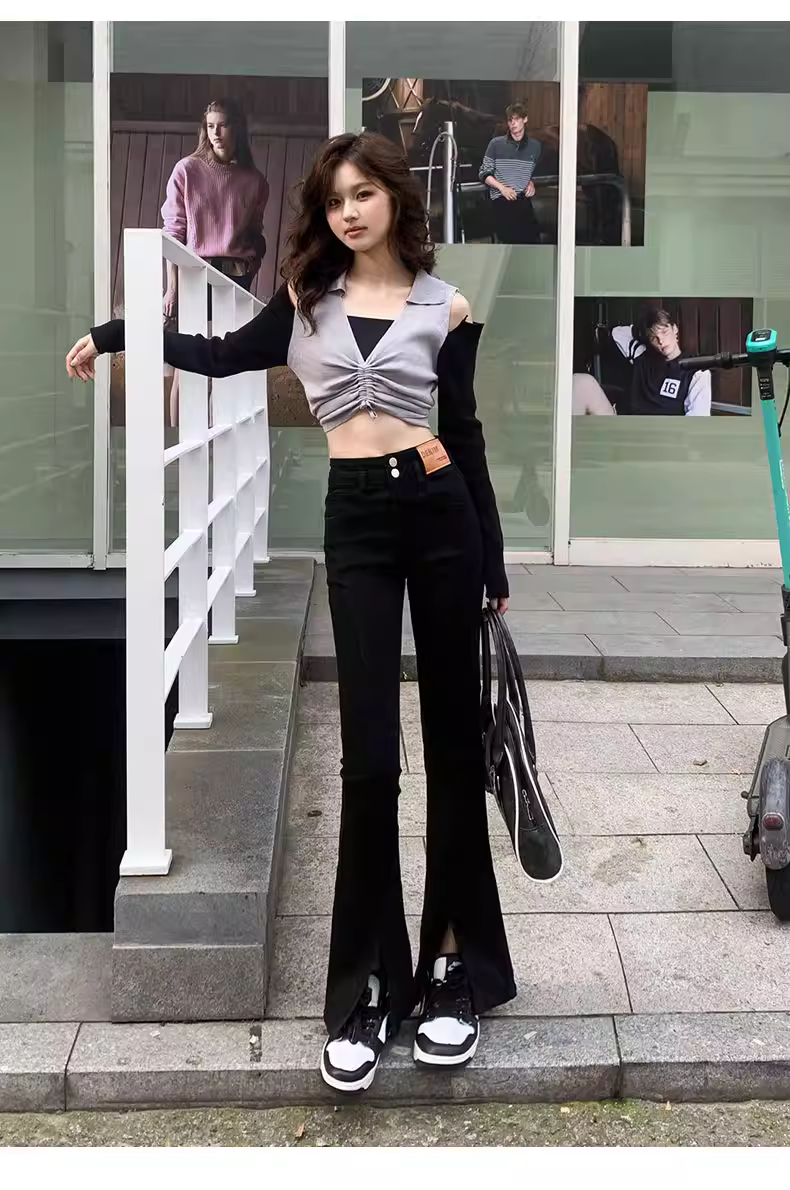 Quần jeans xẻ tà lót lông La Chapelle dành cho nữ, mẫu mới thu đông 2025, cạp cao, tôn dáng, không bó sát.
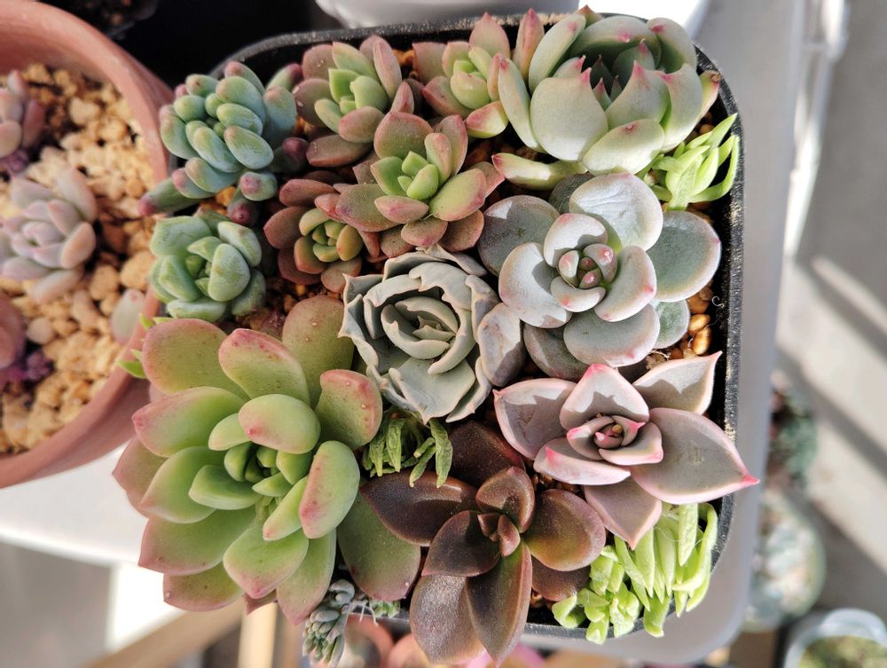 本当は種類ごとにわけて育てたいけど、今まで育ててきた子達が大きくなったり脇芽出まくりだったり、カットして増やしたい子がいたりであまり鉢数ふやせなさそうなので寄植えしてみました。寄植えなんてした事無いからただ挿しただけですが。
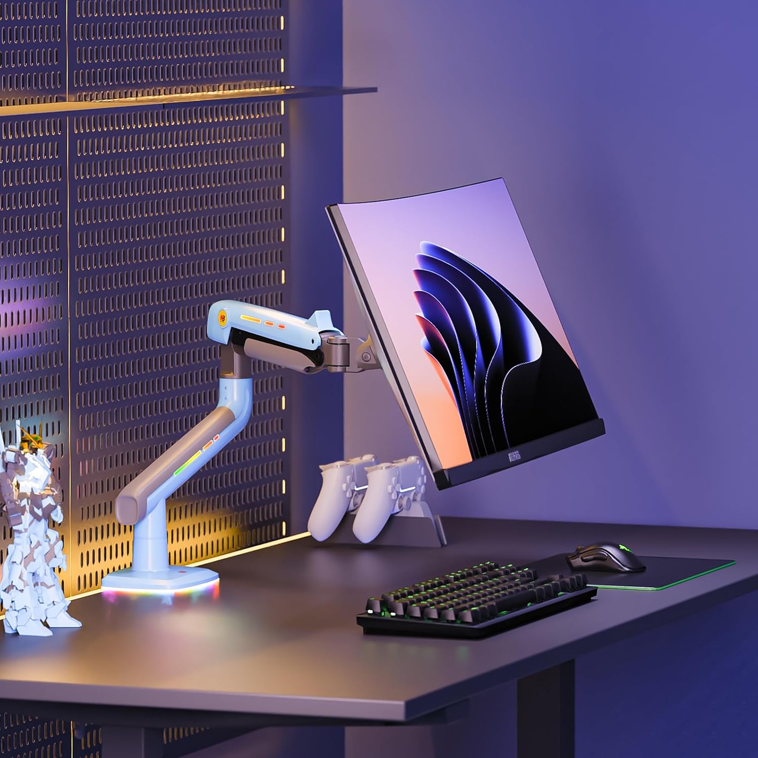 Gaming Monitor Arm for Flat/Ultrawide/Curved Monitors 32 to 60 inch, Heavy Duty Monitor Stand Load up to 20 kg, VESA 75/100 mm Mount (Gulf Blue)
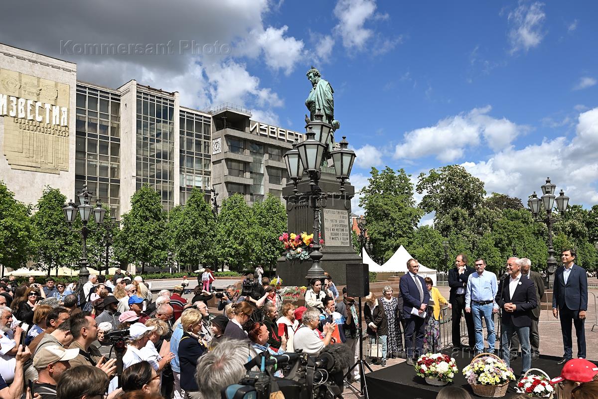 The solemn flower-laying ceremony at the monument to the poet Alexander Pushkin on Pushkinskaya Square on the birthday of the poet, organized by the Communist Party of the Russian Federation. Deputy of the Moscow City Duma Yevgeny Gerasimov (second from right) speaking at the ceremony.
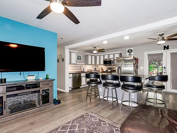 This exquisite ranch-style residence features 4 bedrooms, 2.5 bathrooms and a host of stunning upgrades that will captivate your senses. As you step inside, you'll be greeted by an open-concept living/kitchen area that exudes a warm and inviting ambiance. The spacious kitchen is a chef's delight, boasting a massive island that serves as the centerpiece, offering ample room for entertainment and hosting dinner parties. Adorned with sleek stainless steel appliances and modern finishes, this kitchen is the epitome of contemporary elegance. Through the French doors, discover the converted garage area that has been finished for bonus living space. This versatile area provides endless possibilities, whether you envision it as a playroom, home office, or a cozy den for relaxation. Off the main living area, you'll find the master bedroom and two additional bedrooms that are thoughtfully designed to provide privacy and comfort for family members or guests. The master bedroom is a private sanctuary that encompasses both style and convenience. Featuring a unique Jack and Jill style half bath, this master suite provides easy access to the full main bathroom, creating a practical and functional layout. Venture downstairs to the finished basement, where you'll discover an additional bedroom and a non-conforming bedroom that can be used as an office or flex space to suit your needs. The full bathroom in the basement has just been finished, adding convenience to this lower level retreat. Outside, the expansive backyard beckons with its generous size and a deck perfectly suited for entertaining and enjoying the outdoors and a 14'x14' shop/shed with electricity and concrete floor. With the added privacy provided by the surrounding fence, you can relax and unwind in your own personal oasis. Location is key, and this home delivers. Within walking distance to elementary, middle and high schools and walking trails along the creek located just behind the home.
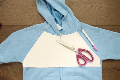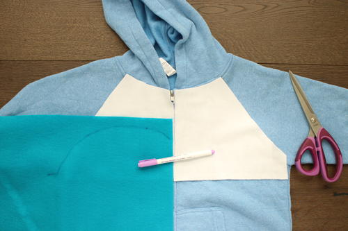 Trace out the white pattern in felt for the front. Adhere to hoodie.

▶ **About this task**: Above this task is a listing with pictures in it. Retype only the lines from the one containing "本当は種類ごとにわけて育てた" through the one containing "The solemn flower-laying", both included, and not the pictures.

▶ **Task result**:
 本当は種類ごとにわけて育てたいけど、今まで育ててきた子達が大きくなったり脇芽出まくりだったり、カットして増やしたい子がいたりであまり鉢数ふやせなさそうなので寄植えしてみました。寄植えなんてした事無いからただ挿しただけですが。
 Gaming Monitor Arm for Flat/Ultrawide/Curved Monitors 32 to 60 inch, Heavy Duty Monitor Stand Load up to 20 kg, VESA 75/100 mm Mount (Gulf Blue)
 The solemn flower-laying ceremony at the monument to the poet Alexander Pushkin on Pushkinskaya Square on the birthday of the poet, organized by the Communist Party of the Russian Federation. Deputy of the Moscow City Duma Yevgeny Gerasimov (second from right) speaking at the ceremony.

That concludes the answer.